Being diversified amongst tax-exempt, tax-deferred, and taxable accounts may be beneficial due to the flexibility it provides. Nobody knows how income tax rates will look in the future, so a good strategy may be to have more options once the future arrives. Improving your Smart Contribution Score™ means having more options available to you, and more options may give you opportunities to save on income taxes.

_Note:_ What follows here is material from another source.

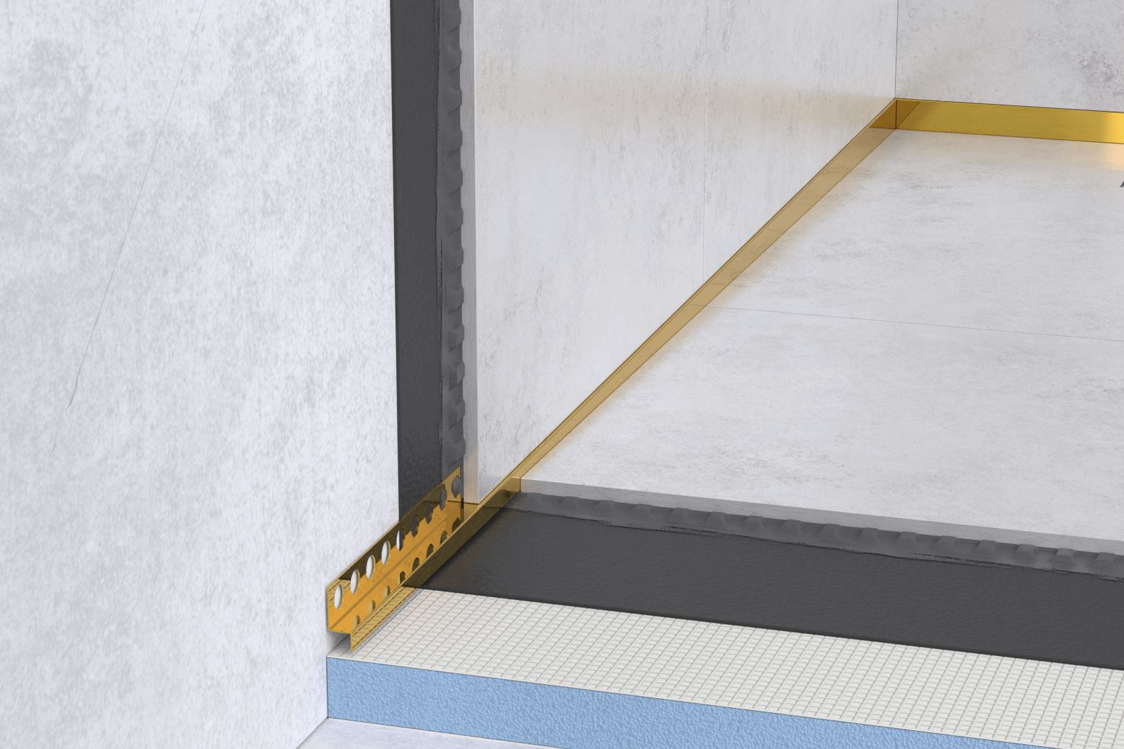 Le profilé incliné définit une inclinaison de 2%. L’inclinaison restera intact lors de découpage du profilé pour chaque mesure donnée – cela permet d’obtenir un produit adapté et personnalisable qui répond au besoin de chacun. La partie frontale du profilé présentée s’élargit vers la bonde, la base reste inchangée – grâce à cela il ne faut plus découper les carreaux.

Below are two ways contribution diversification may benefit your portfolio:
More Withdrawal Options in Retirement - if you have read our article on retirement withdrawal order, you know there may be some 'abnormal withdrawal years' in retirement at which time you can manage your withdrawals in an attempt to lower your income taxes. Having more options when such a time arises is better than having fewer options should an 'abnormal withdrawal year' present itself. Consider the following two scenarios:
Imagine you are age 65 and retired, and you only have tax-deferred accounts. Any time you make a withdrawal from a tax-deferred account, you would pay high ordinary income tax rates on the full amount of the withdrawal. Perhaps you need more money in a particular year than you normally would because of traveling or medical needs. A higher withdrawal that year could push you into a higher income tax bracket and cost you more in taxes. If you had tax-exempt or taxable accounts at your disposal, you would have more options at your disposal.

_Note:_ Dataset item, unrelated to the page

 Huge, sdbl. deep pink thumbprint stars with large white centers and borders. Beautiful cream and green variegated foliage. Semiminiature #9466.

The reverse is also true. Imagine you are age 65 and retired, and you only have tax-exempt accounts. For whatever reason, in a particular year, you need to withdraw less from your accounts than in a normal year. This could pull you into a lower income tax bracket that year. If you had only tax-exempt accounts, you might not benefit from being in the lower income tax bracket. If you had a tax-deferred account at your disposal, you might be able to take advantage of a year where your withdrawal needs are abnormally low.
Better Asset Location Opportunities - maintaining the proper balances across tax-exempt, tax-deferred, and taxable accounts may allow you to increase the benefits of an asset location strategy. You could increase your Smart Location Score™, which may allow you to save more on income taxes. Certain investments may be better placed in specific types of accounts. At the most generic level, taxable bonds might be poorly placed in taxable accounts because they throw off interest income that would be taxable each year. Taxable bonds could be better placed in a tax-deferred account to avoid income tax today. Maintaining the proper balances across tax-exempt, tax-deferred, and taxable accounts may open up more asset location opportunities and may improve your outcome.
Disclosures:
Please note that higher tax-deferred balances could result in higher required minimum distributions (RMDs) in retirement. This should be considered when implementing any contribution recommendations or other such strategies that seek to optimize across tax-exempt, tax-deferred, or taxable accounts. If you are seeking to minimize RMDs, a contribution strategy that recommends a higher tax-deferred balance in your portfolio may not be appropriate. Please consult your tax advisor when implementing any strategy that attempts to lower income taxes.
Clients may not realize the benefits of asset location or other strategies discussed herein. Factors that affect an asset location strategy include, but are not limited to, market performance, the relative size of each account included in the financial plan, the equity exposure of the portfolio, the frequency and size of deposits into the various accounts, the tax rates applicable to the investor in a given tax year and in future years, and the time elapsed before the liquidation of any of the accounts becomes necessary.
Nothing herein should be interpreted as tax advice. ComposedPro does not represent in any manner that the tax consequences described herein will be obtained or result in any particular tax consequence. Please consult your personal tax advisor as to whether ComposedPro's asset location strategy is a suitable strategy for you, given your particular circumstances. The tax consequences of asset location are complex and uncertain. You and your tax advisor are responsible for how transactions conducted in your account are reported to the IRS on your personal tax return. ComposedPro assumes no responsibility for the tax consequences to any client of any transaction.